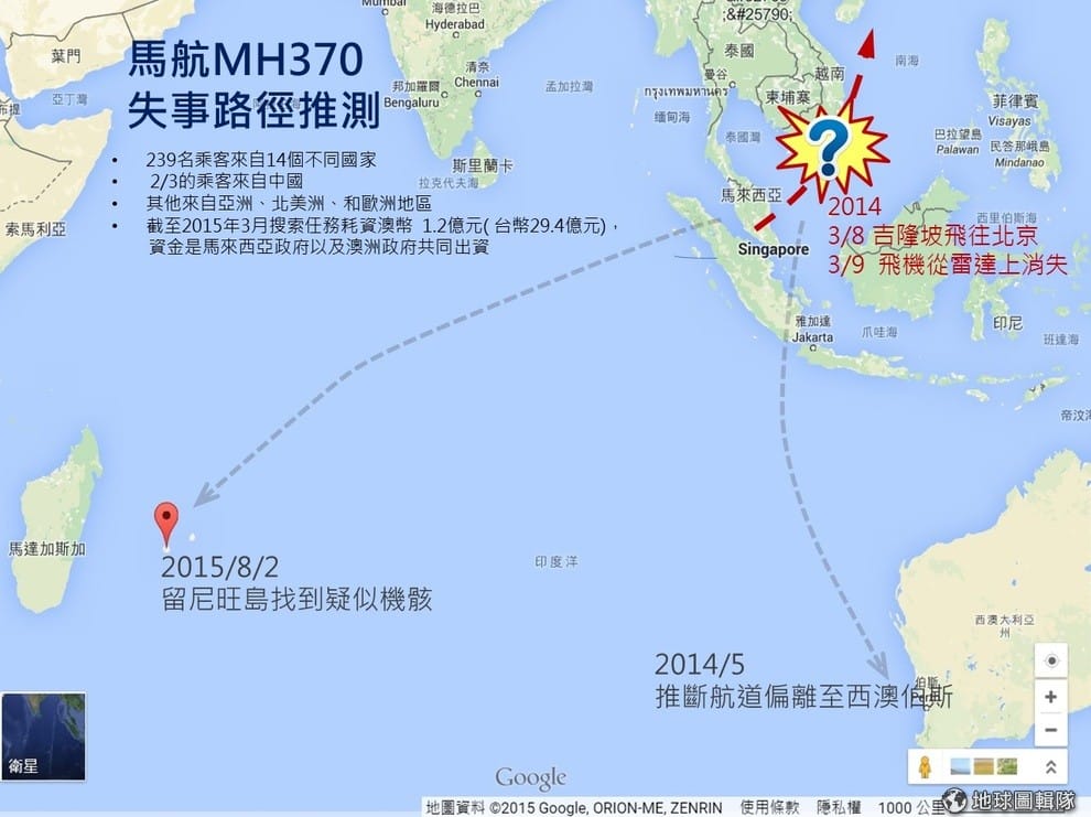2014年 3月8日,載有 239人的馬航MH370班機於凌晨時從吉隆坡起飛,預計當天上午 6點30分降落在北京,但凌晨 2點40分卻在越南上空失聯,直到 9號晚間時,越南官方表示他們在南邊的海面上找到疑似飛機殘骸。
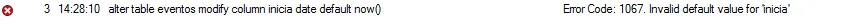 ALTER TABLE eventos MODIFY COLUMN inicia DATE default NOW();
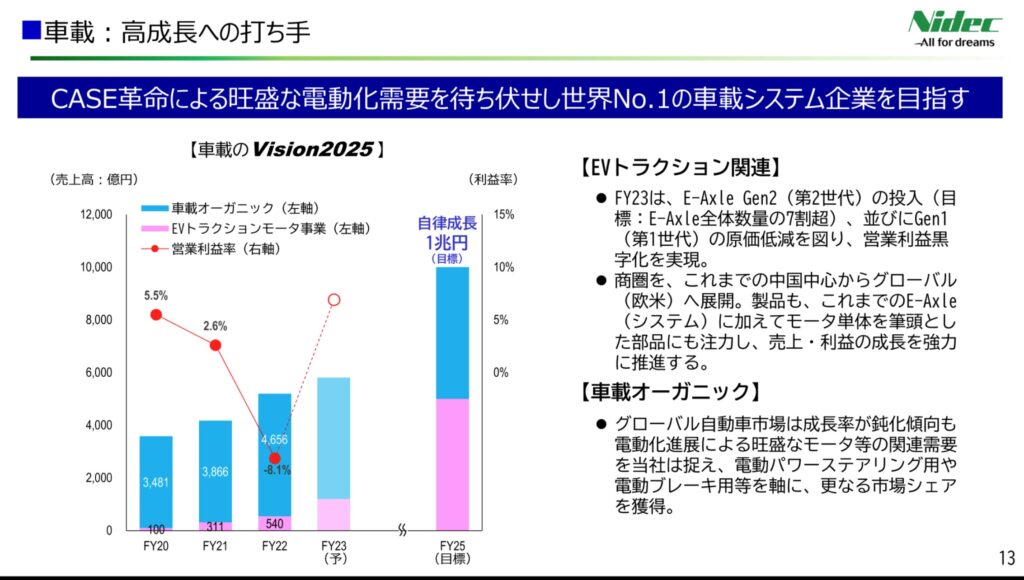 例えば、下のスライドだがまず営業利益率がFY22の△8.1%からFY23(予)では一気に+7%ぐらいまで上昇したように絵が書かれている。また「車載オーガニック+EVトラクションモーター事業」の合算がFY22が4656+540=5196からFY2025には約2倍の1兆円が自律成長だと示されている。どちらについても、充分な根拠が示されていない。

WORK INSTRUCTION. Print only the lines from the one with "ALTER TABLE eventos" through the last line of the data above, exactly and with both ends, and please omit any pictures.

EXERCISE SOLUTION.
 ALTER TABLE eventos MODIFY COLUMN inicia DATE default NOW();
 例えば、下のスライドだがまず営業利益率がFY22の△8.1%からFY23(予)では一気に+7%ぐらいまで上昇したように絵が書かれている。また「車載オーガニック+EVトラクションモーター事業」の合算がFY22が4656+540=5196からFY2025には約2倍の1兆円が自律成長だと示されている。どちらについても、充分な根拠が示されていない。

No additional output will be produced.